The Idea of Software Patent Protections
By
Dr. Aunya Singsangob
Professor
Samuelson raised four policy alternatives by which the law could deal
with the software protection issues: (i) reliance on copyright alone
to protect program innovation, (ii) limiting software patents to traditional
industrial processes and machines, (iii) accepting a vast expansion
of patentable subject matter and working to define an appropriate patent
or copyright interface for computer programs, and (iv) sui generis legislation
for the protection of computer programs. (64) However,
King opined that the patent system represents the best mode of protection
for software-related inventions as software-related inventions did not
possess any special characteristics to distinguish them from other forms
of inventions. (65) Thus, he proposed two independent
amendments to the Patent Act that would help the patent system better
accommodate software-related inventions: (i) Congress should consider
restructuring the application procedure to defer the protracted examination
period until after patent issuance, and (ii) the Patent Act should allow
for the patentability of software as software, and not merely as an
attachment to a machine or an article of manufacture.
5.
Thailand
Section
5 of Patent Act 1979, (amended in 1992, 1999) provides that an invention
that can be granted as a patent protection must be: (i) novelty; (ii)
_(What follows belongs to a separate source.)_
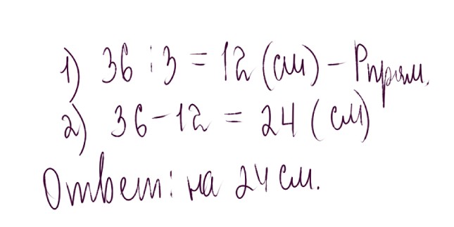Периметр треугольника 36 см, а периметр прямоугольника в 3 раза меньше. На сколько сантиметров периметр треугольника больше периметра прямоугольника?

involves an inventive step; and (iii) is capable of industrial application.
However,
like most other countries, computer software is unpatentable under Thai
Patent law. (66) The reason is that computer software
is not considered as an "invention" because it is not the
idea of the product itself. Instead, the software is only the instructions
given to the computers to perform the task to respond the users' needs.
Recently,
there has been a push to implement the policies of the EU's software
patent right directive. (67) However, there are differences
of opinion between the IT specialist of Thailand Development Research
Institute (TDRI) and the Director of Software Park Thailand. The former,
Dr. Tangkitvanich, cautioned that Thailand should not rush to embrace
all the directives because there were several flaws in some patent rights,
especially the one regarding business methods, which are likely to hinder
the growth of the country's infant software sector. (68) The latter, Dr. Hirapruk, argued that Thailand had to provide a patent-right
protection for computer software to ensure foreign high-tech investors
that software producers' creativity would be secured from violations
in Thailand. (69) Mr. Sribhibhadh, president of the
Association of Thai Software Industry, expressed concern that the most
important thing was that Thailand needed a clear overview of the impact
on the local industry if Thailand really had to fully implement the
patent right protections. (70)
From
some Thai economists' viewpoint, legal development of software patent
will cause monopoly and innovation problems. Monopoly will thwart innovations
of new software products, particularly open-source software. This phenomenon
will threaten Thailand's software industry. In this regard, the Thai
government tried to encourage the public to use open source software
to avoid the software piracy problem. Thus, if the computer software
is patentable, the choice of using free software will no longer available
for the public. The problem of software piracy may then be revisited
in Thailand.
III.
CONCLUSION
The
creation of a software patent has been considered by developed countries
and by Agreement on Trade-Related Aspects of Intellectual Property Protection
(TRIPs), World Intellectual Property Organization (WIPO), Copyright
Treaty (WCT), and European Patent Convention (EPC). (71) These efforts reconsider whether computer software should be deemed
patentable subject matter. However, the idea of the protections has
been denied by many countries, especially developing counties.
Supporters
of patenting software claim that the protections of the patent system
are needed to provide an incentive for innovative software technology.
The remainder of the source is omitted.